POINT(-79.488743884387 0)
LINESTRING(-79.488743884387 0,-79.4887349253904 0.000009019375921,-79.4887259663935 0.000009019376033,-79.4887259663937 0.000018038752065)
POLYGON((-79.488743884387 0,-79.4887349253903 0,-79.4887349253904 0.000009019375921,-79.4887438843871 0.00000901937581,-79.488743884387 0))
POLYGON((-79.488743884387 0,-79.4886542944147 0,-79.4886542944202 0.000090193769243,-79.4887438843926 0.000090193758097,-79.488743884387 0),(-79.4887349253904 0.000009019375921,-79.4887349253905 0.000018038751842,-79.4887259663937 0.000018038752065,-79.4887259663935 0.000009019376033,-79.4887349253904 0.000009019375921))
GEOMETRYCOLLECTION(POINT(-79.4887259663935 0),POLYGON((-79.488743884387 0,-79.4887349253903 0,-79.4887349253904 0.000009019375921,-79.4887438843871 0.00000901937581,-79.488743884387 0)))

6.5. Function List

ST_AsText: Returns the Well-Known Text (WKT) representation of the geometry/geography without SRID metadata.
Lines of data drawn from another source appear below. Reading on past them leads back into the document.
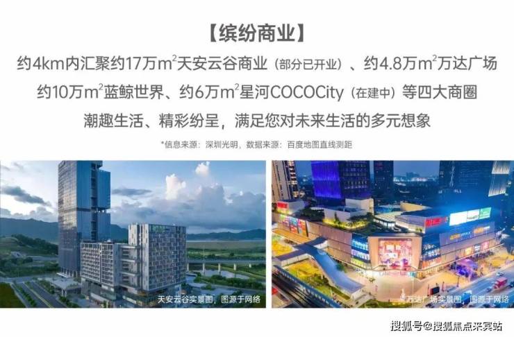 商业配套:项目自带约3500㎡商业,4km内汇聚约17万㎡天安云谷商业(部分已开业)、约4.8万㎡万达广场约10万㎡蓝鲸世界、约6万㎡星河COCOCity(在建中)等四大商圈。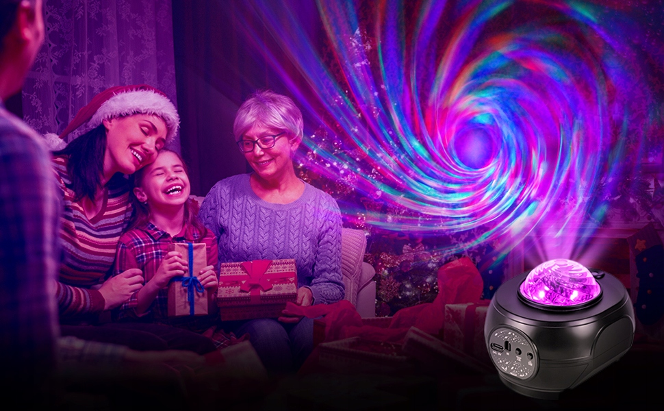 Колір RGB проектора галактики, у свою чергу, створює різні світлові ефекти, поєднує рухому туманність і мерехтливе світло зірок, регульовану яскравість і швидкість, імітує динамічний ефект Чумацького Шляху галактики, створює проекцію фантастичного зоряного неба та романтичної атмосфери в спальні.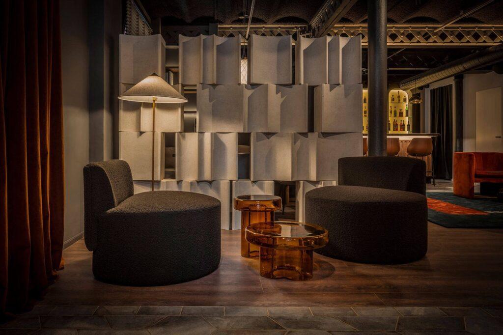 Marcasal ha utilizado una combinación de textiles de terciopelo en algunas butacas y otros textiles para otras, destacando la técnica de tapizado capitoné. Los sofás, por su diseño curvado, requieren una técnica de tapizado más compleja, logrando acabados perfectos. Tanto las butacas como los sofás presentan curvas y formas redondeadas, contribuyendo a la armonía estética del espacio.

ST_SetSRID(geometry, srid): Sets the SRID on a geometry to a particular integer value.

ST_SRID(geometry): Returns the spatial reference identifier for the ST_Geometry as defined in spatial_ref_sys table.

ST_Transform(geometry, srid): Returns a new geometry with its coordinates transformed to the SRID referenced by the integer parameter.